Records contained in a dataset
────────────────

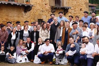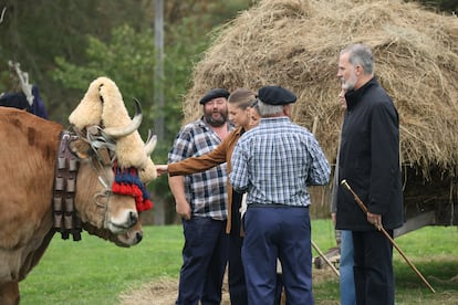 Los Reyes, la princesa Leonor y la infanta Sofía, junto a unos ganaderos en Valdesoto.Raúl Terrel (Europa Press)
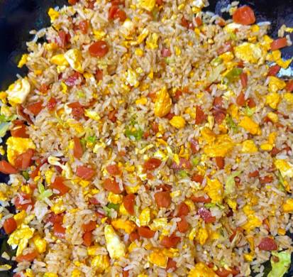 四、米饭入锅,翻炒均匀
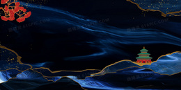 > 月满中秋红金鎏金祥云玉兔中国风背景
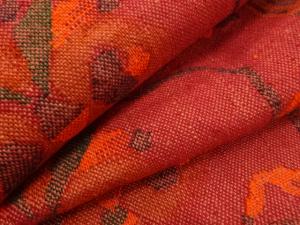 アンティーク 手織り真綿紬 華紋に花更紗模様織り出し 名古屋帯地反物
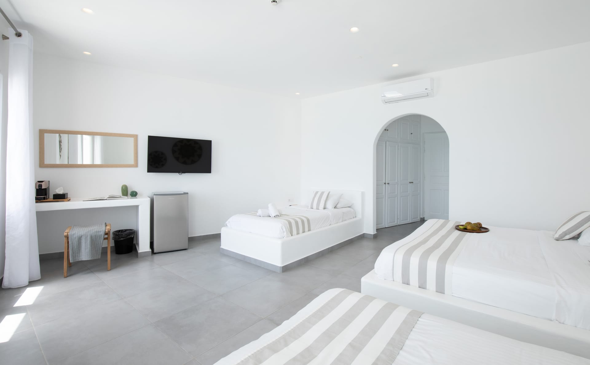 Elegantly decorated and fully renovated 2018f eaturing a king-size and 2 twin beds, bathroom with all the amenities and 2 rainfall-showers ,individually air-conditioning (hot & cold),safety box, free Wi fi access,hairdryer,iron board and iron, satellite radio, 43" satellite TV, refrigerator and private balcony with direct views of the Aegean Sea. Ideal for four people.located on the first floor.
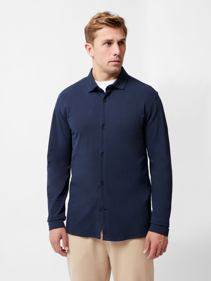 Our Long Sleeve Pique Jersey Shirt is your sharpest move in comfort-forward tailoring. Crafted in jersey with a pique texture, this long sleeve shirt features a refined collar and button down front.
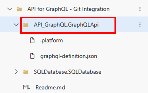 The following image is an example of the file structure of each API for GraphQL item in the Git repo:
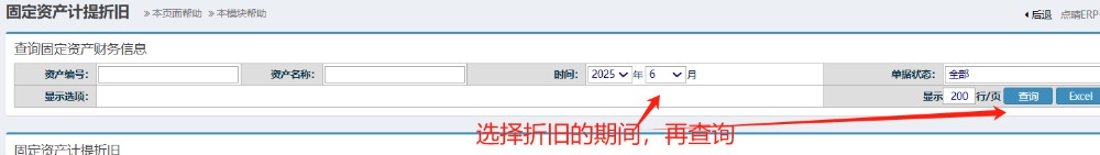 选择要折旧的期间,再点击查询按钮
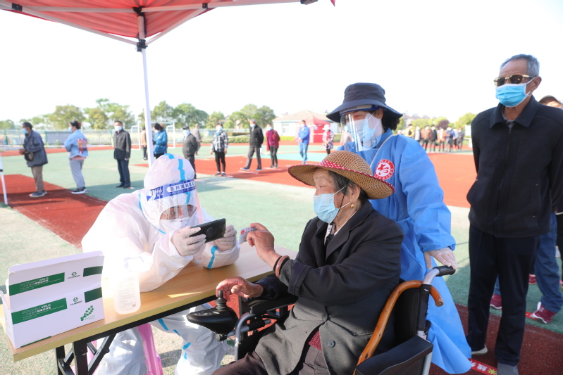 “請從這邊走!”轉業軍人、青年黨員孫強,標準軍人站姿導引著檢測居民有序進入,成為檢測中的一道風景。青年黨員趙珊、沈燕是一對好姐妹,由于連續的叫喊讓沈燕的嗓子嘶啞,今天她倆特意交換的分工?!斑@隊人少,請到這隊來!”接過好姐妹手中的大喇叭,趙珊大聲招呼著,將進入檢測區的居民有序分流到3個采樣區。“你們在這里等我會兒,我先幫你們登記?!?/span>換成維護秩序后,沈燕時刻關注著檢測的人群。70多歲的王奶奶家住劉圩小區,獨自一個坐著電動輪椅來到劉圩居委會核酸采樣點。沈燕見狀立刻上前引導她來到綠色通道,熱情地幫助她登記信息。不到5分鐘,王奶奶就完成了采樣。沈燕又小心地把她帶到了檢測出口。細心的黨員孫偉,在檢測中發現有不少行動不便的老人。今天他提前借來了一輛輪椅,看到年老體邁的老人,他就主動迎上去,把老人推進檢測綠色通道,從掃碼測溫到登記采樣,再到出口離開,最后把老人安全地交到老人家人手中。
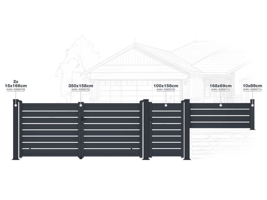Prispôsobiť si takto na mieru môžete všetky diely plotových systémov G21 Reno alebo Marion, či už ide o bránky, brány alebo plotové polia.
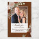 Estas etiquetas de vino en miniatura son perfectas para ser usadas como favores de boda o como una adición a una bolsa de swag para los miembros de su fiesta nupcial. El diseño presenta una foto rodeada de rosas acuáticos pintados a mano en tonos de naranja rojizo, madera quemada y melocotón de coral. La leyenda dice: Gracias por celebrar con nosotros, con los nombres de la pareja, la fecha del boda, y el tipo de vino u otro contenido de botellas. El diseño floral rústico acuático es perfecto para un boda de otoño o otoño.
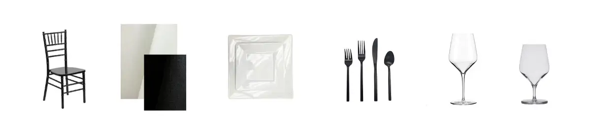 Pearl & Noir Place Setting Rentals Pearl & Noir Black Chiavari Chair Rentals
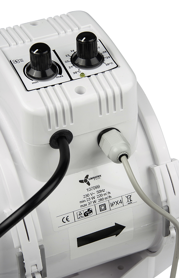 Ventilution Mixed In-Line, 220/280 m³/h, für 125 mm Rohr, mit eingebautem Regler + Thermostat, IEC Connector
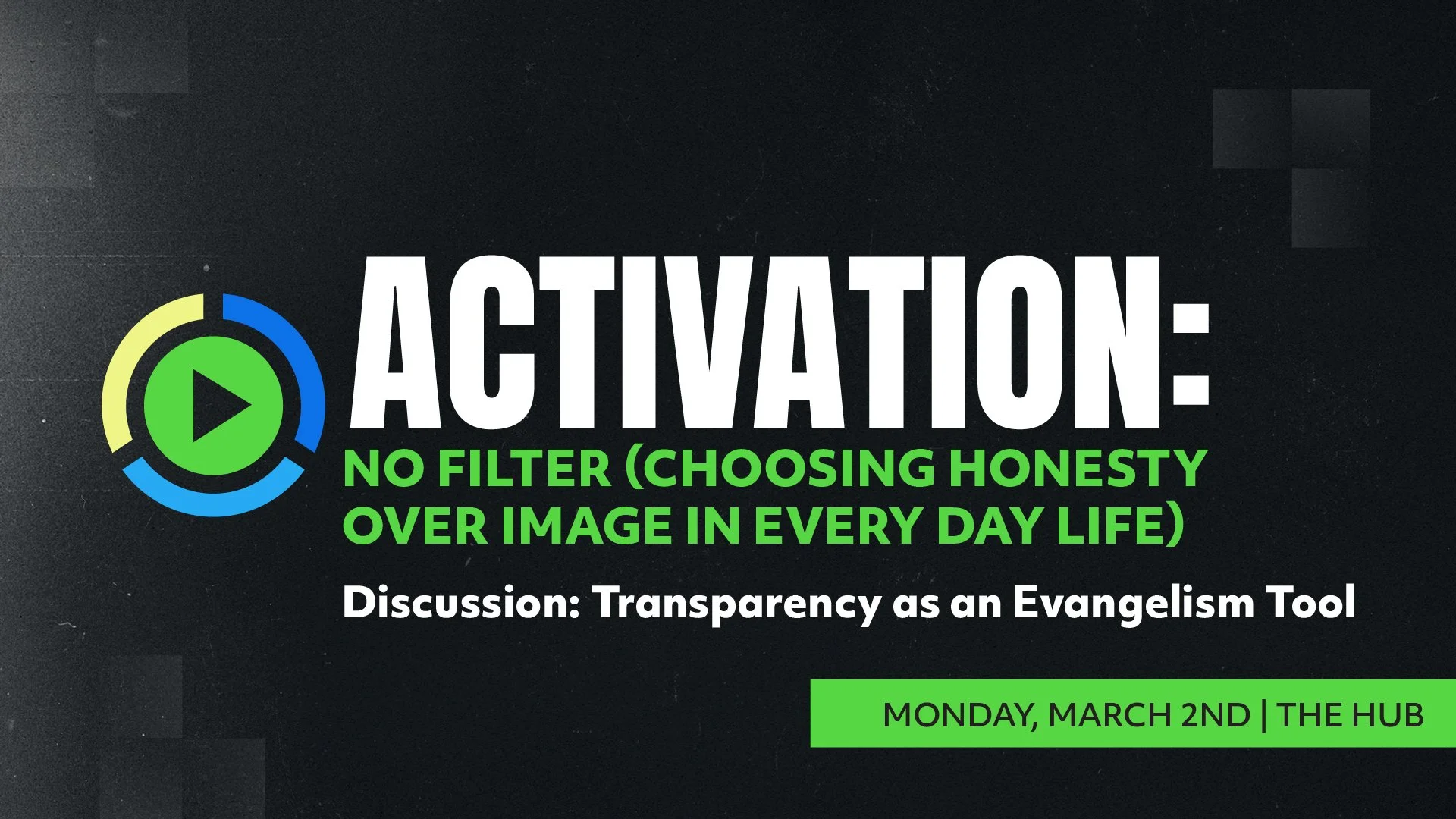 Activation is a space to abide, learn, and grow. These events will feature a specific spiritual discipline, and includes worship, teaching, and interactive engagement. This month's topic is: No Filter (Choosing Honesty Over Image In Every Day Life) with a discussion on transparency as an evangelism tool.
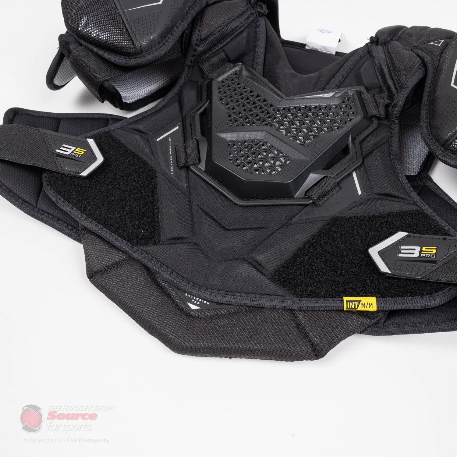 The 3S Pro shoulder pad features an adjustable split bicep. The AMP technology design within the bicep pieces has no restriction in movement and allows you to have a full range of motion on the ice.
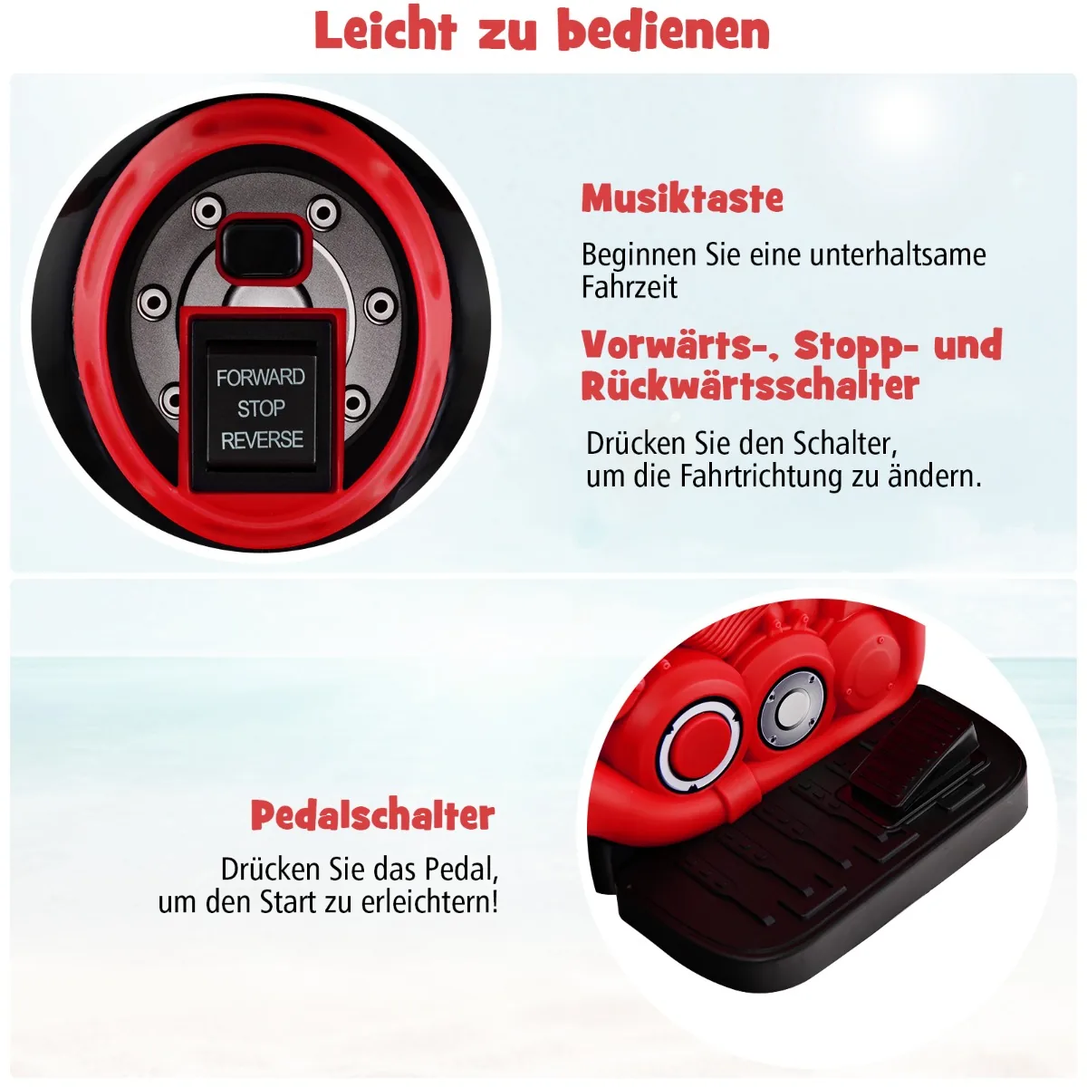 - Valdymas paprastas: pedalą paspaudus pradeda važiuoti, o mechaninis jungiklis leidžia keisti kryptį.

────────────────

PROBLEM DESCRIPTION: Could you output every record above exactly as written, leaving out the pictures?

EXERCISE RESPONSE:
 Los Reyes, la princesa Leonor y la infanta Sofía, junto a unos ganaderos en Valdesoto.Raúl Terrel (Europa Press)
 四、米饭入锅,翻炒均匀
 > 月满中秋红金鎏金祥云玉兔中国风背景
 アンティーク 手織り真綿紬 華紋に花更紗模様織り出し 名古屋帯地反物
 Elegantly decorated and fully renovated 2018f eaturing a king-size and 2 twin beds, bathroom with all the amenities and 2 rainfall-showers ,individually air-conditioning (hot & cold),safety box, free Wi fi access,hairdryer,iron board and iron, satellite radio, 43" satellite TV, refrigerator and private balcony with direct views of the Aegean Sea. Ideal for four people.located on the first floor.
 Our Long Sleeve Pique Jersey Shirt is your sharpest move in comfort-forward tailoring. Crafted in jersey with a pique texture, this long sleeve shirt features a refined collar and button down front.
 The following image is an example of the file structure of each API for GraphQL item in the Git repo:
 选择要折旧的期间,再点击查询按钮
 “請從這邊走!”轉業軍人、青年黨員孫強,標準軍人站姿導引著檢測居民有序進入,成為檢測中的一道風景。青年黨員趙珊、沈燕是一對好姐妹,由于連續的叫喊讓沈燕的嗓子嘶啞,今天她倆特意交換的分工?!斑@隊人少,請到這隊來!”接過好姐妹手中的大喇叭,趙珊大聲招呼著,將進入檢測區的居民有序分流到3個采樣區。“你們在這里等我會兒,我先幫你們登記?!?/span>換成維護秩序后,沈燕時刻關注著檢測的人群。70多歲的王奶奶家住劉圩小區,獨自一個坐著電動輪椅來到劉圩居委會核酸采樣點。沈燕見狀立刻上前引導她來到綠色通道,熱情地幫助她登記信息。不到5分鐘,王奶奶就完成了采樣。沈燕又小心地把她帶到了檢測出口。細心的黨員孫偉,在檢測中發現有不少行動不便的老人。今天他提前借來了一輛輪椅,看到年老體邁的老人,他就主動迎上去,把老人推進檢測綠色通道,從掃碼測溫到登記采樣,再到出口離開,最后把老人安全地交到老人家人手中。
Prispôsobiť si takto na mieru môžete všetky diely plotových systémov G21 Reno alebo Marion, či už ide o bránky, brány alebo plotové polia.
 Estas etiquetas de vino en miniatura son perfectas para ser usadas como favores de boda o como una adición a una bolsa de swag para los miembros de su fiesta nupcial. El diseño presenta una foto rodeada de rosas acuáticos pintados a mano en tonos de naranja rojizo, madera quemada y melocotón de coral. La leyenda dice: Gracias por celebrar con nosotros, con los nombres de la pareja, la fecha del boda, y el tipo de vino u otro contenido de botellas. El diseño floral rústico acuático es perfecto para un boda de otoño o otoño.
 Pearl & Noir Place Setting Rentals Pearl & Noir Black Chiavari Chair Rentals
 Ventilution Mixed In-Line, 220/280 m³/h, für 125 mm Rohr, mit eingebautem Regler + Thermostat, IEC Connector
 Activation is a space to abide, learn, and grow. These events will feature a specific spiritual discipline, and includes worship, teaching, and interactive engagement. This month's topic is: No Filter (Choosing Honesty Over Image In Every Day Life) with a discussion on transparency as an evangelism tool.
 The 3S Pro shoulder pad features an adjustable split bicep. The AMP technology design within the bicep pieces has no restriction in movement and allows you to have a full range of motion on the ice.
 - Valdymas paprastas: pedalą paspaudus pradeda važiuoti, o mechaninis jungiklis leidžia keisti kryptį.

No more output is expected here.